Wikipedia corpus (v4.7 — Wikipedia Audit)¶
973 articles · 14 languages · 2.2M words
- 34/34 atoms covered across all languages = 100% atom presence
- Cross-language cosine similarity (FR↔ZH = 0.904, EN↔FR = 0.93)

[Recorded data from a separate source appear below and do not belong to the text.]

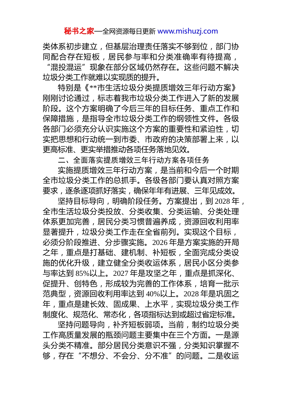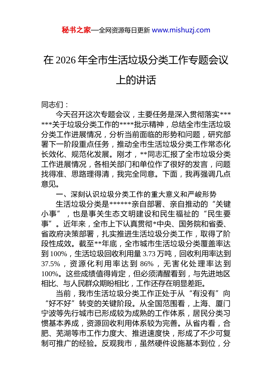 秘书之家—全网资源每日更新 www.mishuzj.com在 2026 年全市生活垃圾分类工作专题会议上的讲话同志们:今天召开这次专题会议,主要任务是深入贯彻落实******关于垃圾分类工作的****批示精神,总结全市生活垃圾分类工作进展情况,分析当前面临的形势和问题,研究部署下一阶段重点任务,推动全市生活垃圾分类工作常态化长效化、规范化发展。刚才,**同志汇报了全市垃圾分类工作进展情况,各相关部门和单位作了很好的发言,问题找得准、思路理得清,我完全同意。下面,我再强调几点意见。一、深刻认识垃圾分类工作的重大意义和严峻形势生活垃圾分类是******亲自部署、亲自推动的“关键小事”,也是事关生态文明建设和民生福祉的“民生要事”。近年来,全市上下认真贯彻*中央、国务院和省委、省政府决策部署,扎实推进生活垃圾分类工作,取得了阶段性成效。截至**年底,全市城市生活垃圾分类覆盖率达到 100%,生活垃圾回收利用量 3.73 万吨,回收利用率达到37.5% , 资 源 化 利 用 率 达 到 86% , 无 害 化 处 理 率 达 到100%。这些成绩值得肯定,但必须清醒看到,与先进地区相比、与人民群众期盼相比,工作还存在明显差距。当前,我市生活垃圾分类工作正处于从“有没有”向“好不好”转变的关键阶段。从全国范围看,上海、厦门宁波等先行城市已形成较为成熟的工作体系,居民分类习惯基本养成,资源回收利用体系较为完善。从省内看,合肥、芜湖等市工作力度大、推进速度快,形成了不少可复制可推广的经验。反观我市,虽然硬件设施基本到位,分秘书之家—全网资源每日更新 www.mishuzj.com类体系初步建立,但基层治理责任落实不够到位,部门协同配合存在短板,居民参与率和分类准确率有待提高,“混投混运”现象在部分区域仍然存在。这些问题不解决垃圾分类工作就难以实现质的提升。特别是《**市生活垃圾分类提质增效三年行动方案》刚刚讨论通过,标志着我市垃圾分类工作进入了新的发展阶段。这个方案明确了今后三年的目标任务、重点工作和保障措施,是指导全市垃圾分类工作的纲领性文件。各级各部门必须充分认识实施这个方案的重要性和紧迫性,切实把思想和行动统一到市委、市政府的决策部署上来,以更高标准、更实举措推动各项任务落地见效。二、全面落实提质增效三年行动方案各项任务实施提质增效三年行动方案,是当前和今后一个时期全市垃圾分类工作的总抓手。各级各部门要认真对照方案要求,逐条逐项抓好落实,确保年年有进展、三年见成效。坚持目标导向,明确阶段任务。方案提出,到 2028 年,全市生活垃圾分类投放、分类收集、分类运输、分类处理体系更加完善,居民分类习惯普遍养成,资源回收利用率显著提升,垃圾分类工作走在全省前列。实现这个目标,必须分阶段推进、分步骤实施。2026 年是方案实施的开局之年,重点是打基础、建机制、补短板,全面完成分类设施的优化升级,建立健全分类收运体系,居民小区分类参与率达到 85%以上。2027 年是攻坚之年,重点是抓深化、促提升、创特色,形成较为完善的工作体系,培育一批示范典型,资源回收利用率达到 40%以上。2028 年是巩固之年,重点是建长效、固成果、上水平,实现垃圾分类工作制度化、规范化、常态化,各项指标达到或超过省定标准。坚持问题导向,补齐短板弱项。当前,制约垃圾分类工作高质量发展的瓶颈问题主要集中在三个方面。一是源头分类不精准。部分居民分类意识不强,分类知识掌握不够,存在“不想分、不会分、分不准”的问题。二是收运秘书之家—全网资源每日更新 www.mishuzj.com体系不完善。厨余垃圾、可回收物收运能力不足,部分区域存在“先分后混、混收混运”现象,影响居民分类积极性。三是资源利用不充分。再生资源回收体系与环卫清运体系衔接不够紧密,低值可回收物回收渠道不畅,资源化利用水平有待提高。针对这些问题,方案都提出了明确解决路径,关键是抓好落实。坚持结果导向,强化考核评估。方案建立了较为完善的考核评估体系,将垃圾分类工作纳入各级各部门年度目标考核,实行月调度、季通报、年考核制度。市分类办要抓紧制定详细的考核评分细则,明确指标权重...
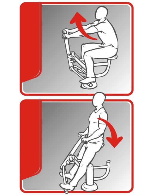 Rankenos, kėdutės, atramos, kamštukai, dangteliai pagaminti iš plastiko. Konstrukcija metalinė, įbetonuojama. Visos metalinės detalės padengtos cinko gruntu ir dažytos milteliniu būdu. Treniruoklis atsparus oro sąlygoms, vandalizmui.
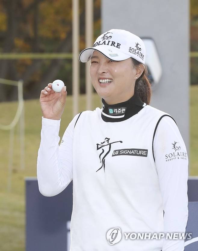 (부산=연합뉴스) 강덕철 기자 = 24일 부산 기장군 LPGA 인터내셔널 부산에서 열린 미국 여자프로골프(LPGA) 투어 BMW 레이디스 챔피언십에서 우승한 고진영이 우승 세리머니를 하고 있다. 2021.10.24
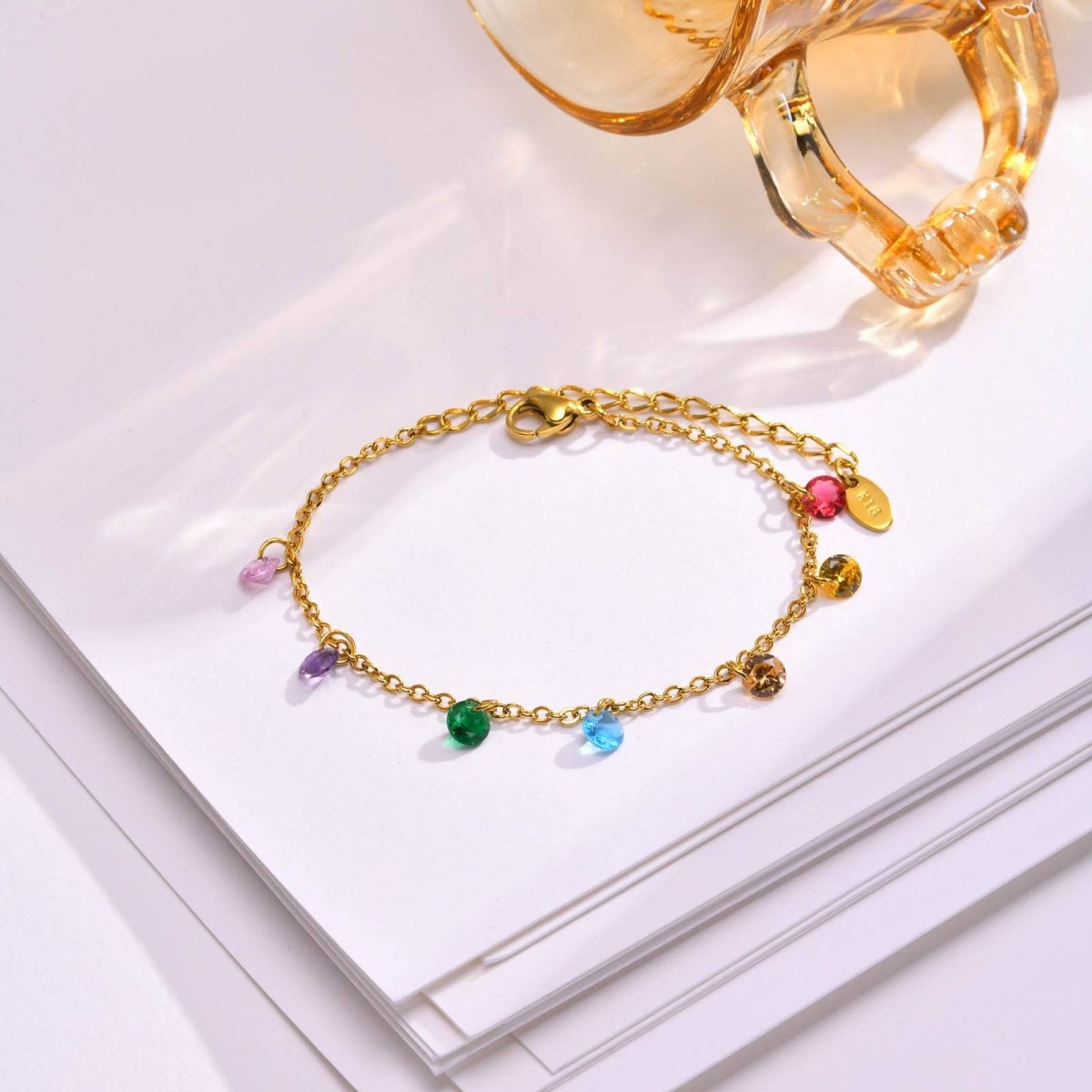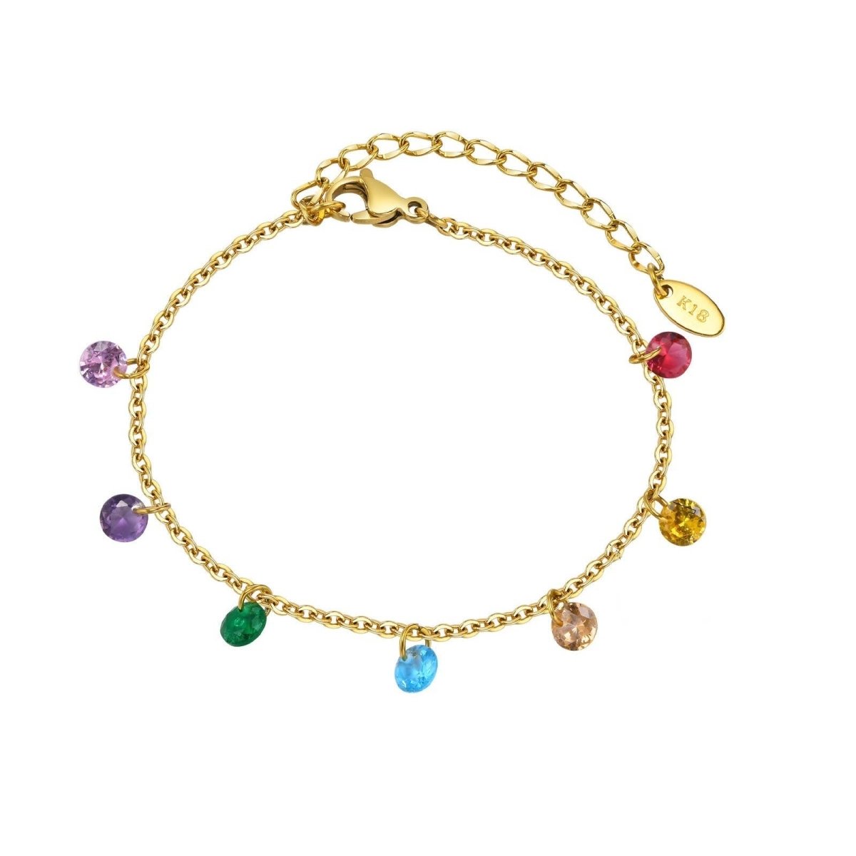Armbånd med runde fargerike Zirkonia steiner. Laget av rustfritt stål forgylt med 18K ekte gull.
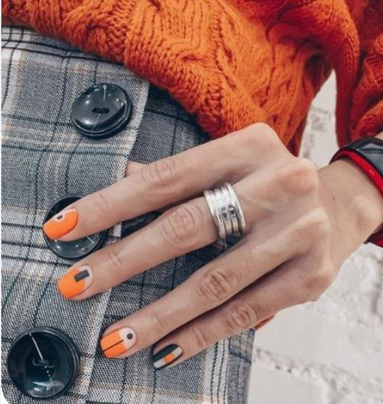 - Эффект «перепелиных яиц». Небольшие вкрапления на ноготках, напоминающие узор на яйцах маленьких перепелок стал трендом предстоящего года. Подобный нейл-арт может быть украшен надписями, графичной геометрией и абстрактными мотивами.
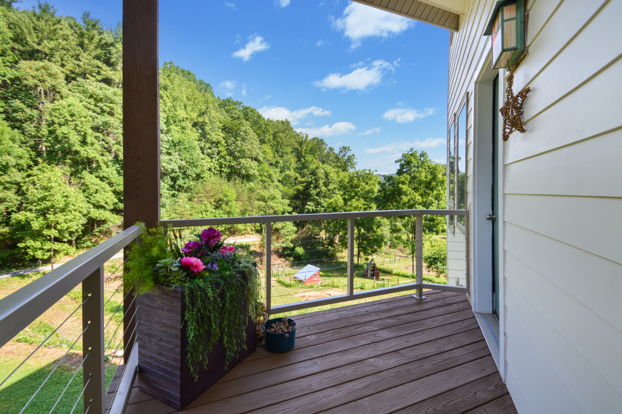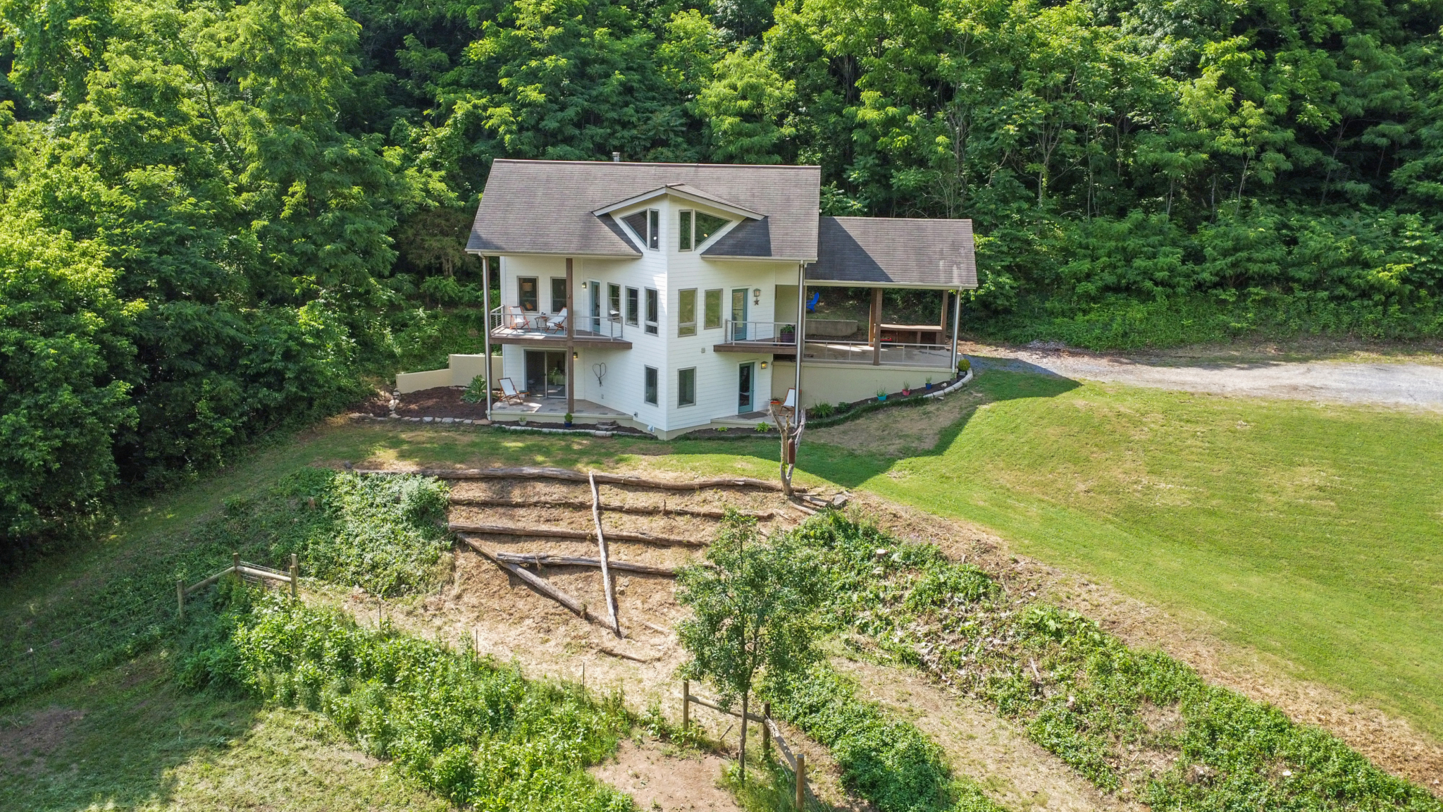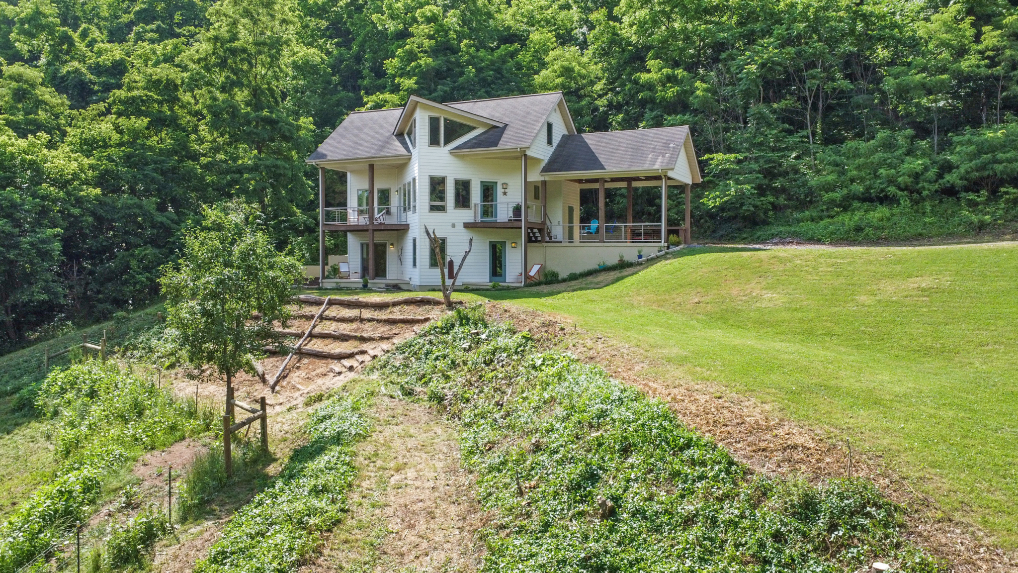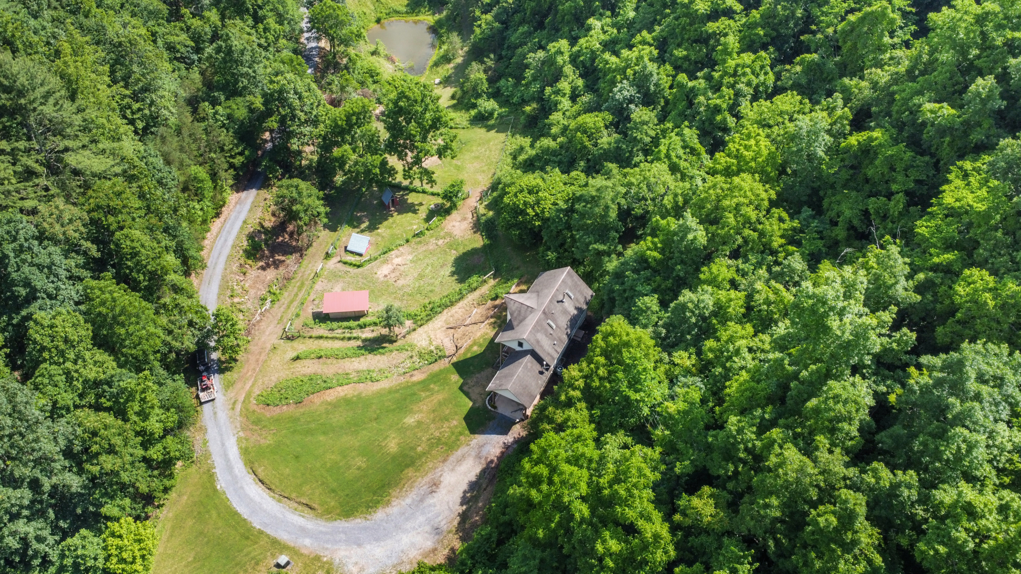 Custom crafted home nestled within a hidden mountain hollow on 100 +/- acres offering ultimate privacy & seclusion only 20 min. to VA Tech. 3BR/2.5BA home by Shelter Alternatives boasts energy efficiency, Hardie board siding, generous natural light, wide-plank pine floors, & stunning natural setting. Decks overlook homestead features of pond, terraced garden beds, fenced paddocks, sheds & chicken house.
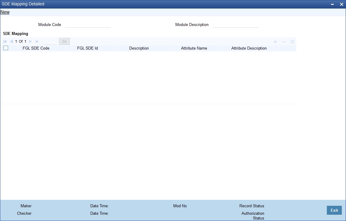 Specify the module code. You can map the attributes of transactions entered in this module to corresponding SDE from this screen.

- 14 languages include: EN, FR, DE, ES, IT, FI, EO, PT, NL, JA, ZH, HI, SA, AR
Version progression — EU original corpus¶
Evolution on the original Gutenberg EU corpus (11 files), from v4.8.2 to v4.8.11:
| Version | New entries | Global gain | Coverage | Milestone |
|---|---|---|---|---|
| v4.8.2 | base | — | 85.1% | |
| v4.8.3 | 771 | +2.3pp | 87.4% | |
| v4.8.4 | 584 | +1.4pp | 88.8% | |
| v4.8.5 | algo fixes | +0.2pp | 89.0% | |
| v4.8.6 | 400 | +0.4pp | 89.4% | |
| v4.8.7 | 307 | +0.7pp | 90.1% | 🎯 90% global |
| v4.8.8 | 136 | +0.4pp | 90.5% | FR ≥ 90% |
| v4.8.9 | 113 | +0.3pp | 90.8% | |
| v4.8.10 | 110 | +0.2pp | 91.0% | |
| v4.8.11 | 124 | +0.2pp | 91.2% | 🎯 7/7 EU ≥ 90% |
| Total | ~2,550 | +6.1pp | 91.2% |
Multilingual breakthroughs — expanded corpus (v4.8.12 → v4.8.16)¶
After expansion to 62 files including non-European languages:
Japanese: 18.8% → 74.1% (+55.3pp)¶
| File | Content | Before | After |
|---|---|---|---|
| pg1982 | Rashomon (Akutagawa) | 18.8% | 74.0% |
| pg31617 | Shisei (Tanizaki) | — | 71.9% |
| pg31757 | Omedetaki hito (Mushanokoji) | — | 78.4% |
Techniques: kanji-only tokenization, furigana 《》 stripping, OpenCC kyūjitai → simplified.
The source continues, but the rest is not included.